Procrastinators – the Leaders of Tomorrow

Is there anything that has promised so much, but delivered so little as procrastination? Some delays are dangerous, while others are absolutely damnable? Procrastination has been aptly called, “the Devil’s chloroform,” or “spiritual suicide on the installment plan.” Procrastination blinds us to the opportunities and blessings of today, promising action “tomorrow.” There is a wealth of wisdom in Proverbs 27:1, “Boast not thyself of tomorrow; For thou knowest not what a day may bring forth.” Procrastination undoubtedly costs souls – the souls of others and perhaps even our own.

Procrastination has to do with putting off things intentionally and habitually that ought to be done.
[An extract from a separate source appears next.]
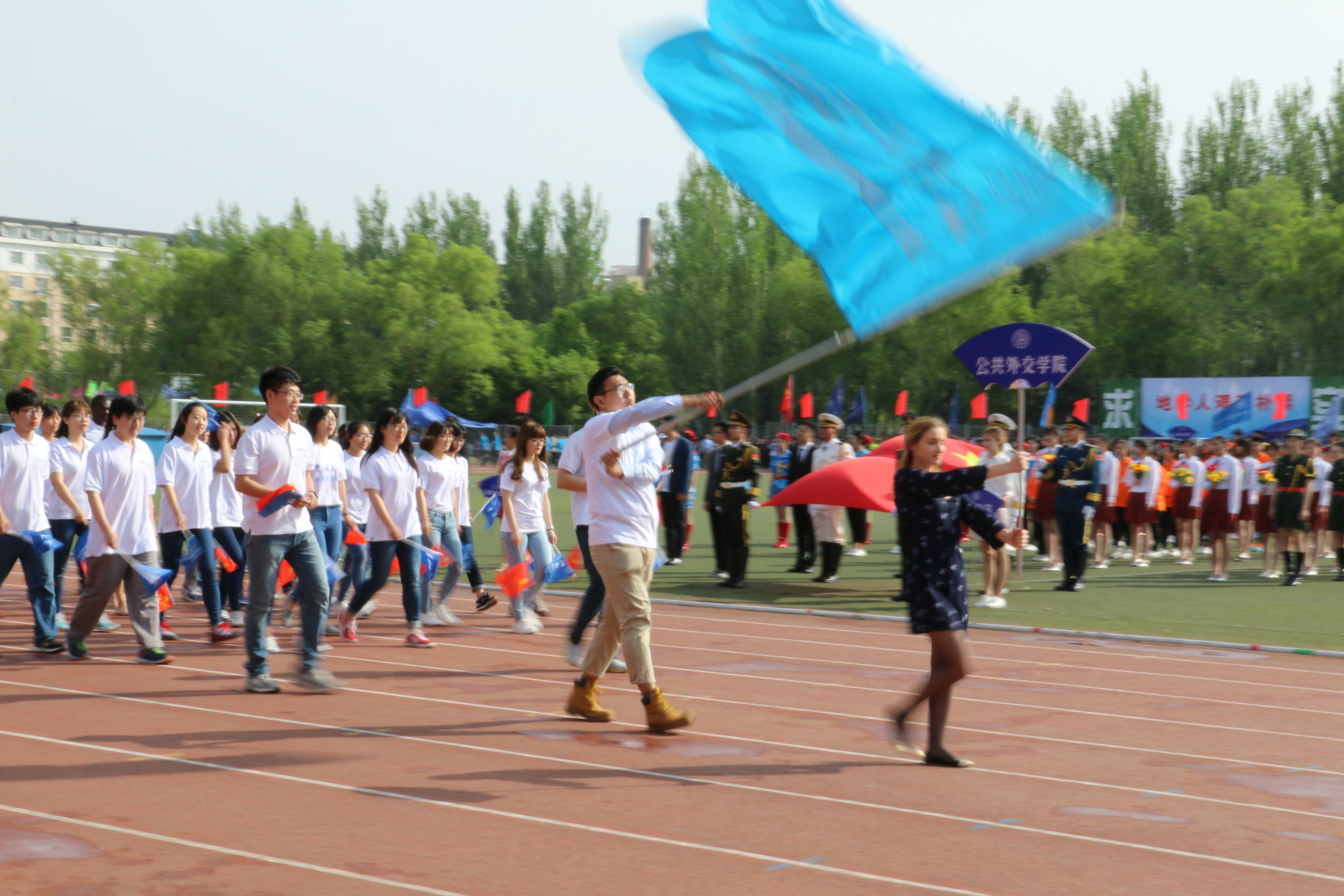 方队因中外学生结合而独具特色。中英结合的口号,各具特色的国旗,整齐鲜明的服饰均给在场观众留下了深刻的印象。
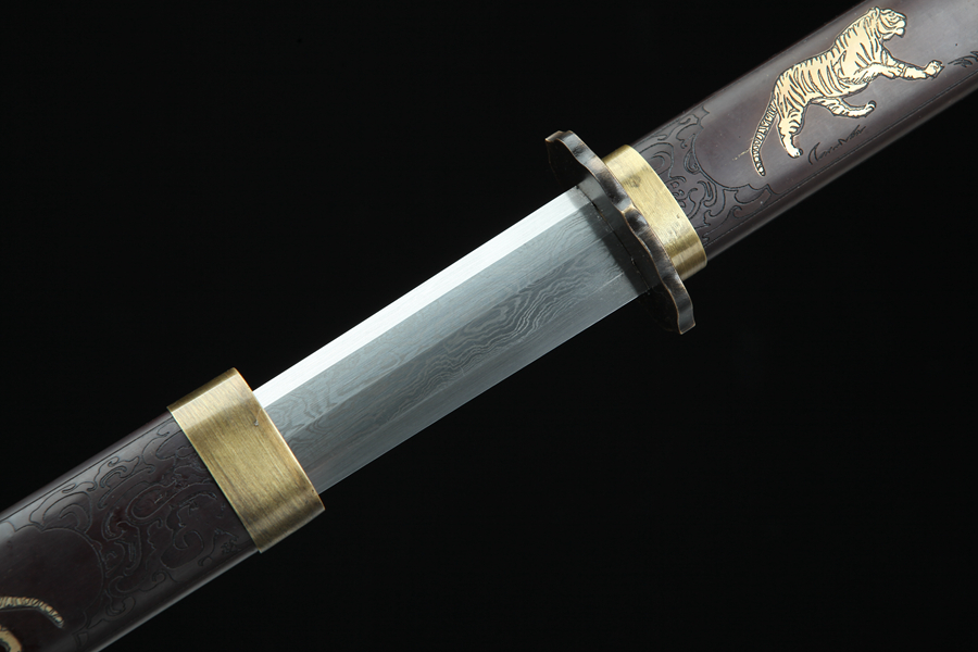 剑鞘剑柄采用纯铜手工包铜、刻花,古法鎏金、银、铜三色、将木梢用铜皮包上后起到防潮防湿、禁锢剑装作用、既美观又不会因天气、时间久远而收缩开裂;剑身:百炼花纹钢、手工锻造、精细手磨16881320。花纹钢烧刃另加115。

But the time eventually comes when we are fresh out of “later.” Yet such delays are common for many, and it is easy to offer excuses for putting matters of real priority off. Someone once penned, “Procrastination is my sin: It brings me only sorrow: I know that I should stop it, In fact, I will – tomorrow.” Our love for God (Mark 12:30), our determination to seek first His kingdom and righteousness (Matt. 6:33), and our genuine concern for the souls of men (2 Cor. 5:14) should motivate us to take great pains to avoid the sins of procrastination.

The work of God gives many examples of procrastination. Despite God’s instruction, Lot “lingered” in Sodom until the Lord mercifully had His angels take him and his family outside of the city to flee the destruction to come. In Exodus 8:10, when Pharaoh was asked when Egypt was to be delivered from the plague of frogs, his response was “tomorrow.” In Haggai 1:1-11, God’s people are rebuked for procrastinating in the rebuilding of God’s house while they lived in ice homes. The people were told by the Lord, “Consider your ways.” The foolish virgins of Matthew 25: 1-13 are classic examples of procrastination and unpreparedness. And then there is Felix. As Paul spoke to him, “he reasoned of righteousness, and self-control, and the judgment to come” (Acts 24:25). Felix procrastinated. He “was terrified, and answered, Go thy way for this time; and when I have convenient season, I will call thee unto me.”

The word of God encourages all to avoid the plague of procrastination. It would be wonderful if every child of God better applied Psalm 119:60, “I made haste, and delayed not, To observe thy commandments.” Our Lord said, “We must work the works of Him that sent me, while it is day: the night cometh, when no man can work” (John 9:4). Surely there is a sobering reminder in this verse for all of us regarding our own lives too. There must be a sense of urgency when it comes to the will and the work of God. Ecclesiastes 11:4 offers tis counsel: “He that observes the wind shall not sow; and he that regards the clouds shall not reap.” Excuses and procrastination are leading causes of spiritual crop failure! (cf. Rom. 1:13; Gal. 5:22-23)

Scripture repeatedly emphasizes the importance of today (2 Cor. 6:1-2; Heb. 3:7,13). The great tragedy of procrastination is that it causes us to fail to fully appreciate the value of today. When we see each day of life as a stewardship, a gift and a sacred trust (2 Cor. 4:1-2; James 1:17), our daily activities will show it. When we contemplate that we will give an account to the Lord for the way we managed His Blessings, the sin of procrastination becomes even more evident (2 Cor. 5:10). Truly, the best way for us as Christians to make dreams come true regarding life’s most important matters is to wake up from the slumber of delay.